The Sand Hill Review               http://www.sandhillreview.org              2011

 

 

 

 

Indigo

 

A long time ago, living, suffering, she hid in her coffin

at the crematorium, or maybe it's still happening.

Passing timberline, she may have died or only feels like it,

and the coffin has been burned a different word or painted red. 

She counts her world and buttons, including texture, sound, color,

smell, and other differences, wooden, cloth-covered, metal, plastic,

bone, or shell, also shape, round, square, oblong, pentacle,

hexagon, and how many holes each button has, whether

the holes go through the sockets or a ring is attached to the back.

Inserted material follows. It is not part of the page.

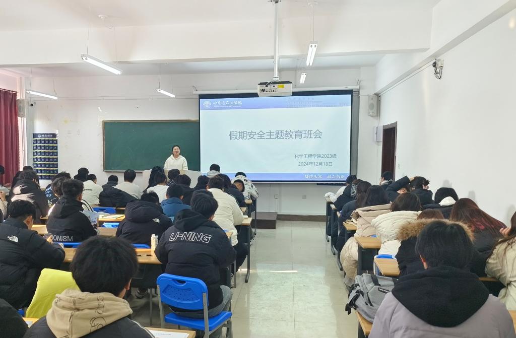 寒假将至,为做好放假期间学生安全工作,保障学生生命安全,确保校园安全稳定,化学工程学院于2024年12月16日—12月18日召开假期安全教育主题班会,会议由各年级辅导员主持,全体同学参加。

She prefers at these times of living or death

to occupy herself with tangible things, chisel

transformations, and think about how, before us,

even simple objects open opposing truths, whether

she wishes a truth to be told, read, or forever held secret,

like cloth over day, for she has been called mother, grandmother,

ancestor, sorceress. She can hear life in their distant voices now,

speaking through microphones and screens. I hear you, I hear you,

not, not, not, her words stay like happened lightning in the walls,

for they are the real walls of her sons' houses,

and the first color of her magic is something like

indigo, the leaves must be fermented to release the dye.

The older son stands before us on his knees,

in prayer. What, me first?  Am I tall enough

to know this story? Speak O speak, Homo parabolus.

He holds the microphone, a deep shade of blue in his words,

calls up ocean and sky. Clouds, frothy waves

in white patches between the blue. Here and there,

an early morning mountain. Boulder, Jellyfish, Child, Pelican.

In Japanese, he tells us, the word ai means both indigo and love.

From her coffin, she hears the distant eulogy.